Thanks for the encouragement, Pastor Jared!
Sean M
When the answers to certain life issues leave one cold, this is sometimes an indication that there's a problem with the actual content of the answer--and not just how it was communicated. Consider St. Paul's reply's in Romans 9:10-23, which are replies to what were probably FAQs to his teachings about grace and divine retribution. One gets the sense that Paul isn't really addressing (much less resolving) the basic concerns. This sense of dissatisfaction seems to track the fact that Paul's "answers" are actually more like dismissals of the concerns. Such dismissals contrast with the replies of a teacher who would first explore in greater depth the concerns at stake, and might be more willing to candidly concede the problematic nature of the so-called solutions, thereby at least doing justice to the questions.

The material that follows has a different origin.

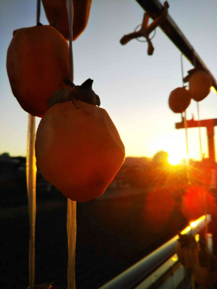 オレンジ🧡色の夕陽にオレンジ🧡色の干し柿😊
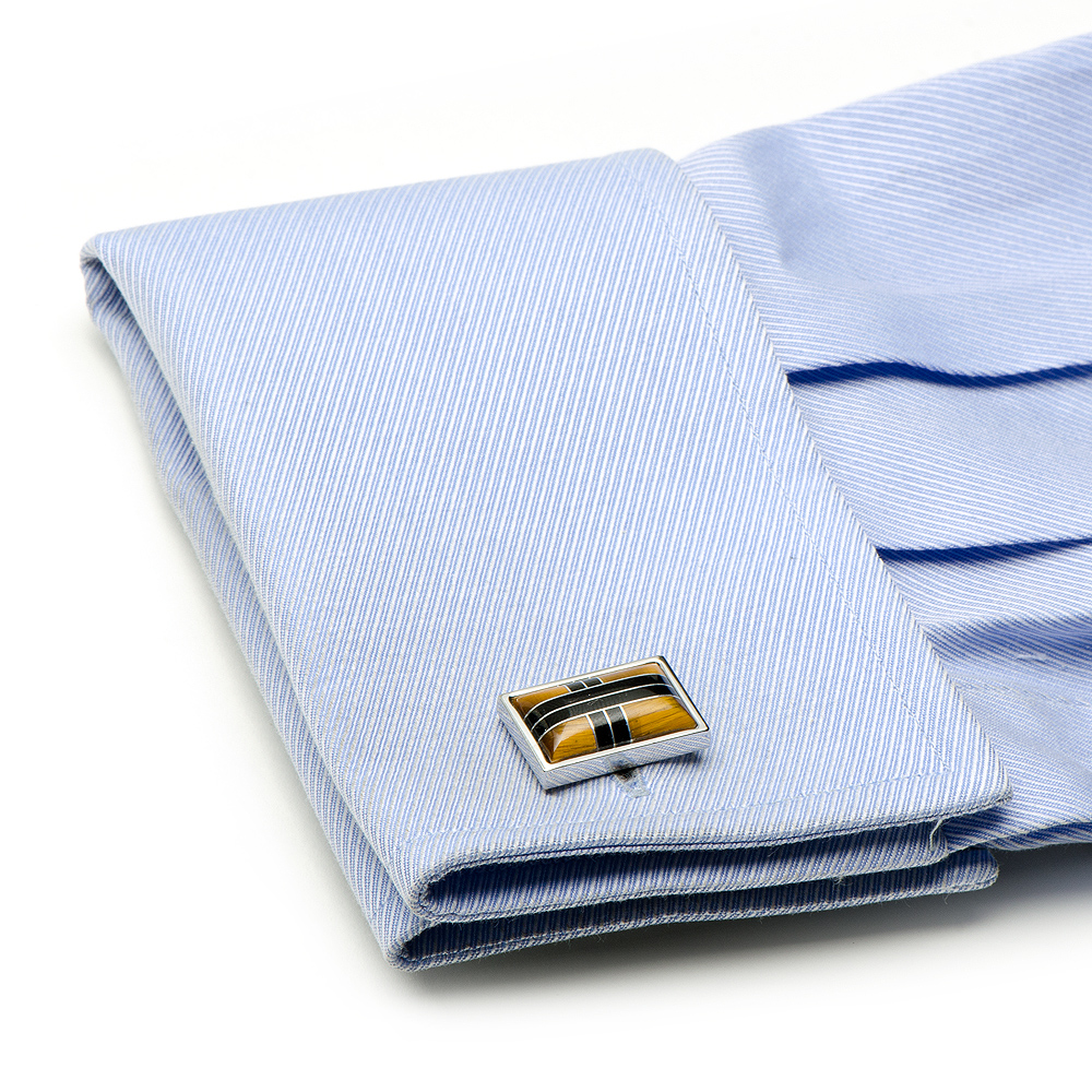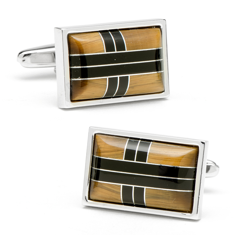A classic mix of black Onyx stone and yellow Tiger eye framed in a highly polished rectangle silver surround.A timeless design, these cufflinks are a perfect present for business wear and formal attire. Supplied gift wrapped in a Men's Gift Company presentation box. It is uniquely designed and New York fashion inspired.Finished with an edge of sliver plated. It has a exceptional precision. Hand polished. Size:7/8" x 1/2"

Like Paul's quick replies in Romans 9, the facile answers of many of today's Christian apologists often reflect a failure to sincerely come to terms the difficulties of problems, such as the problems of evil and the instances thereof. What tempts the apologists to try satisfy themselves with such facile answers is in part their very eagerness to have answers ready at hand (as well as the very strong motivation to "keep the faith," bravely denying that there are any really problems with the content of their faith). But this usually results in a failure to sincerely face the genuine difficulties. It is this failure, on the part of the apparent "experts", that sometimes brings the sincere seeker of solutions to tears. It as if the leper, with desperate anticipation, brought his very real misery to Jesus, only to have Jesus offhandedly smile and advise: "Don't worry, be happy." I fear that the apologetics program at Biola is raising a generation of little "experts" that essentially imitate this style.
Your title and story got me thinking about how we learn stuff and what sticks and what doesn't. The hard work ethic was a tenant of my family life and molds a lot of what I say to my own children and students. And yet when I learn from the mis-steps of others, I find myself grateful to have found an "easier" way to get at the truth of life.
When I think about Jesus as my mentor, I'm reminded that he did it the hard way for me. Not only can I now read the old testament with new eyes and hear God's message with new ears, I can start from a place given to me through grace.
I truly value lessons learned the hard way, yet am grateful when I "stumble" upon a lesson which applies to my life as well. An answer is not always what is required. Sometimes we need to just be present and listening for a clue as to why we might be present in this persons life at this time.
Thanks for sharing your thoughts on this.